Monday, January 9, 2012

A static function, an inline function, and a static variable walked into a bar....

... well, not really. Hacking around with some library code, so I thought I'd write up a quick refresher on scoping. Steve Clamage and I cover scoping in more detail in the series on libraries and linking. For the code I was working on today, the problem was much more limited.

I had a single file containing all the source code. I wanted to export only the minimal number of symbols that were needed to act as an interface for the library. You can imagine it being something like:

#include <stdio.h>

int count=0;

inline void printcount()
{
  printf("Count = %i\n",count);
  asm("nop");
}

void next()
{
  count++;
  printcount();
}

If I compile this, and then use nm to inspect the resulting library, I can see a global symbol for count. The function printcount() is defined with local scope. However, the only interface I want to export is next().

bash-3.00$ cc -g -G -O -o libt.so t.c
bash-3.00$ nm libt.so|grep GLOB
...
[45]    |     66468|       4|OBJT |GLOB |0    |11     |count
[43]    |       724|      40|FUNC |GLOB |0    |5      |next
[42]    |         0|       0|FUNC |GLOB |0    |UNDEF  |printf
bash-3.00$ nm libt.so |grep count
[44]    |     66460|       4|OBJT |GLOB |0    |11     |count
[32]    |       672|      52|FUNC |LOCL |0    |5      |printcount

So I can define count as a static variable, and that reduces its scope to the file in which it is defined. However, this does not actually make it disappear, it is still there, but with name mangling:

bash-3.00$ nm libt.so|grep count
[40]    |     66476|       4|OBJT |GLOB |0    |11     |$XAS4IkBuA_CPGtc.count
[33]    |       688|      52|FUNC |LOCL |0    |5      |printcount

The reason for this is that I'm building with debug (-g). With debug, I get a local version of the routine printcount(), and I get a globalised version of the variable count. If I remove -g, I get the following output from nm:

bash-3.00$ nm libt.so|grep count
[29]    |     66316|       4|OBJT |LOCL |0    |11     |count
[36]    |         0|       0|FUNC |GLOB |0    |UNDEF  |printcount

The variable count has local scope, which is what we expected - it is no longer exported from the file, so we have avoided possible name conflicts there. However, printcount() is now no longer defined. That might be ok so long as we don't actually call the routine:

bash-3.00$ dis libt.so|grep printcount
printcount()
         2e4:  7f ff ff ef  call        printcount      ! 0x2a0

Oops.

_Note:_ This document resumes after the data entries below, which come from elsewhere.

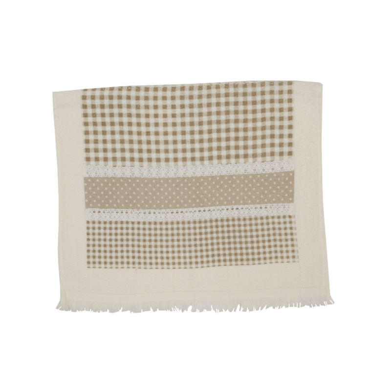 Bavlnený uteráčik, v bielo-béžovej farbe s čipkovanou aplikáciou.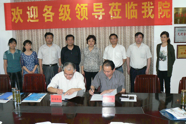 在祥和气氛中,医学系主任和贾院长代表双方在协议书上签字。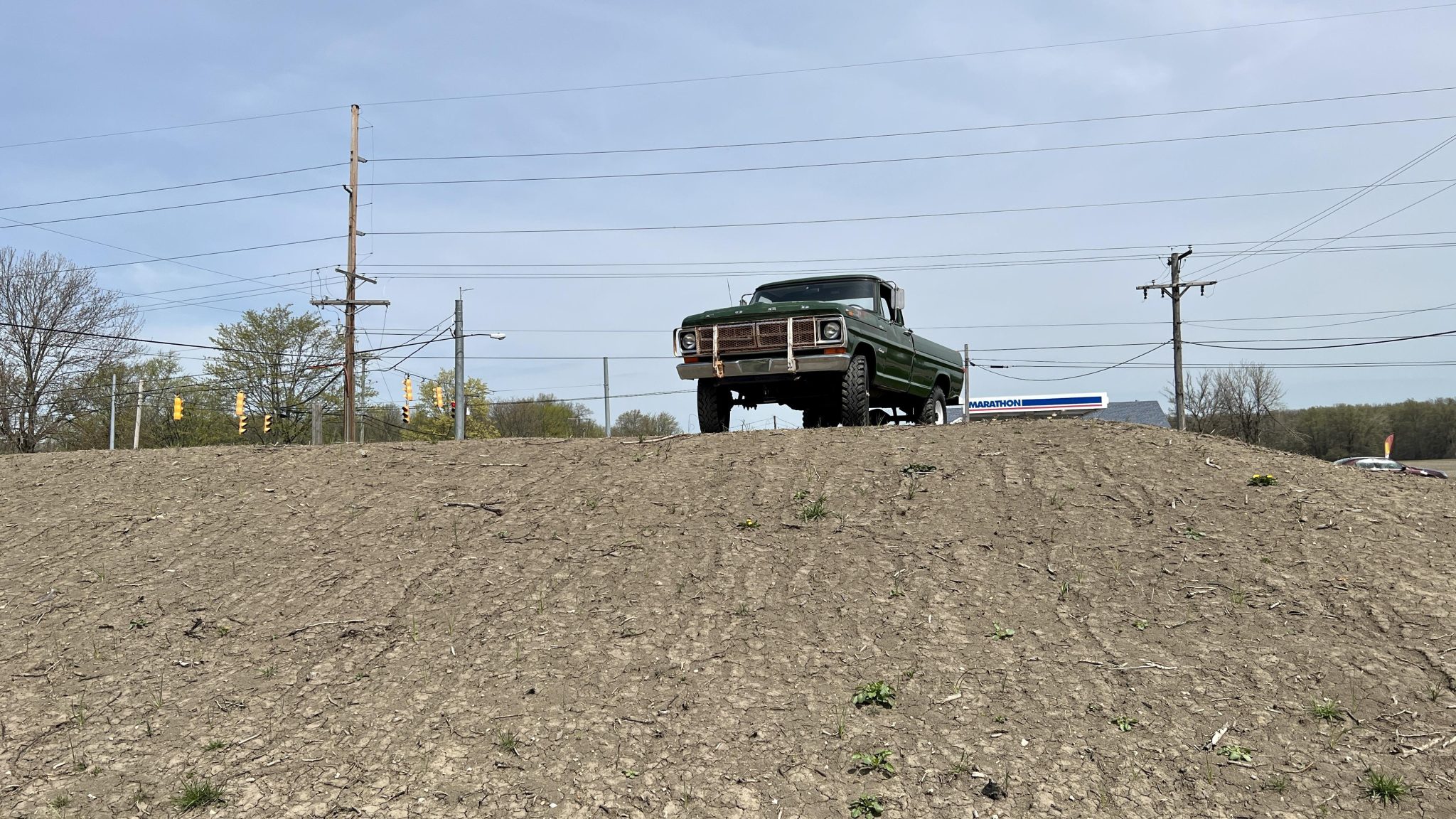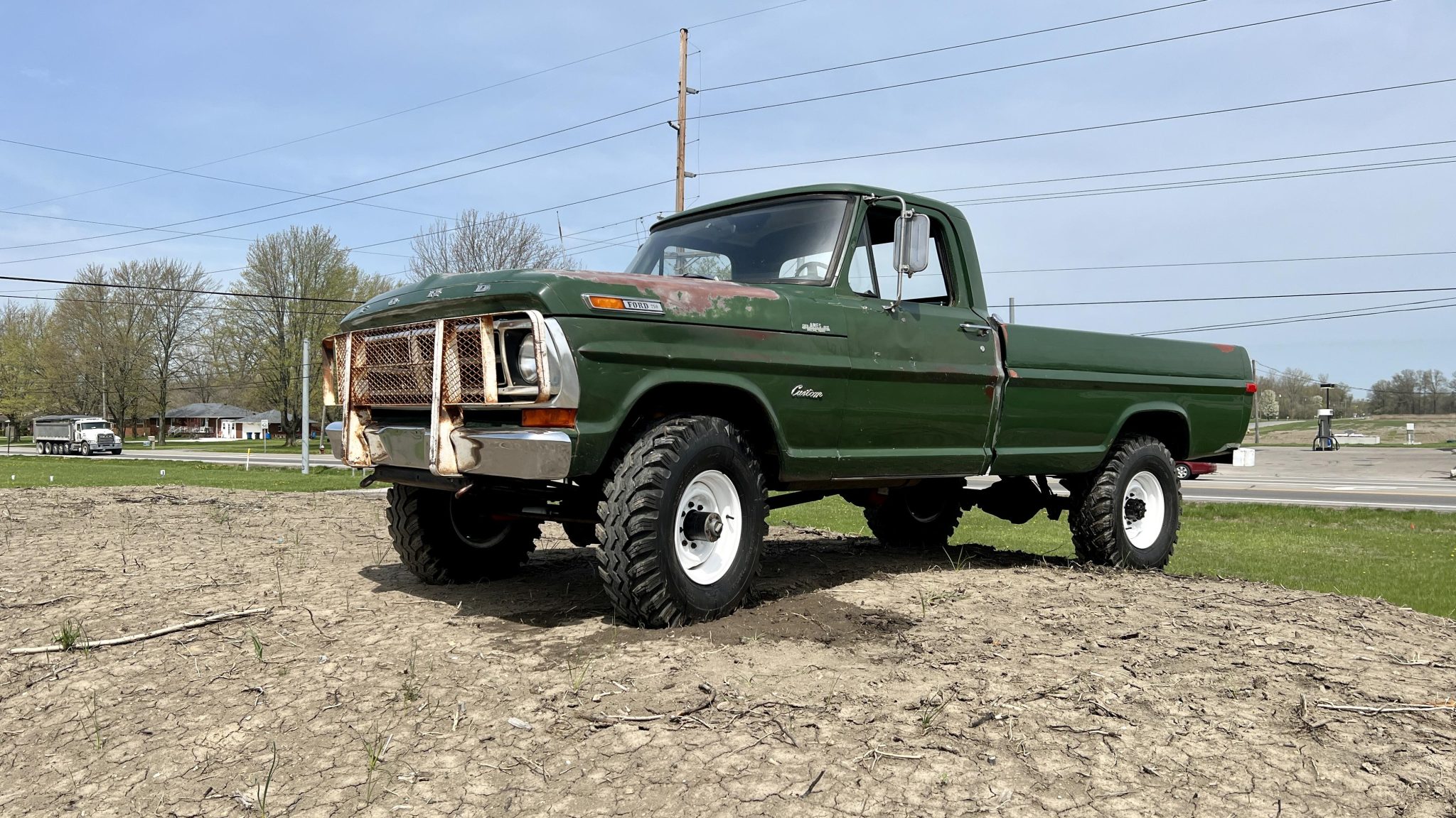 White-painted 16” steel wheels are mounted with 9.00-16 Power King Premium Traction tires, and a matching spare is stowed in the pickup bed. The truck is equipped with manually locking front hubs, Old Man Emu shocks, and a Rancho steering stabilizer.

We've hit the rule about needing to provide an extern version of any inline functions. Once again, I suggest parsing Douglas Walls' discussion of the topic for the gory details. Anyhow, the upshot is that this library wouldn't work. The fix is trivial, declare printcount() to be static inline, and the compiler will generate the local version of the function:

bash-3.00$ cc -G -O -o libt.so t.c
bash-3.00$ nm libt.so |grep count
[29]    |     66448|       4|OBJT |LOCL |0    |11     |count
[30]    |       664|      52|FUNC |LOCL |0    |5      |printcount

With these fixes the library no longer exports any functions but the ones I left with external linkage. This substantially reduces the risk of "undefined behaviour".

Understanding binary size

One of my colleagues, Miriam Blatt, has written a great article about understanding the size of binary objects. This is worth a read because it describes both what goes into the objects and what tools you can use to discover this information.

What's inlined by -xlibmil

The compiler flag -xlibmil provides inline templates for some critical maths functions, but it comes with the optimisation that it does not set errno for these functions. The functions it inlines can vary from release to release, so it's useful to be able to see which functions are inlined, and determine whether you care that they don't set errno. You can see the list of functions using the command:

grep inline /compilerpath/prod/lib/libm.il
        .inline sqrtf,1
        .inline sqrt,2
        .inline ceil,2
        .inline ceilf,1
        .inline floor,2
        .inline floorf,1
        .inline rint,2
        .inline rintf,1
...

From a cursory glance at the list I got when I did this just now, I can only see sqrt as a function that sets errno. So if you use sqrt and you care about whether it set errno, then don't use -xlibmil.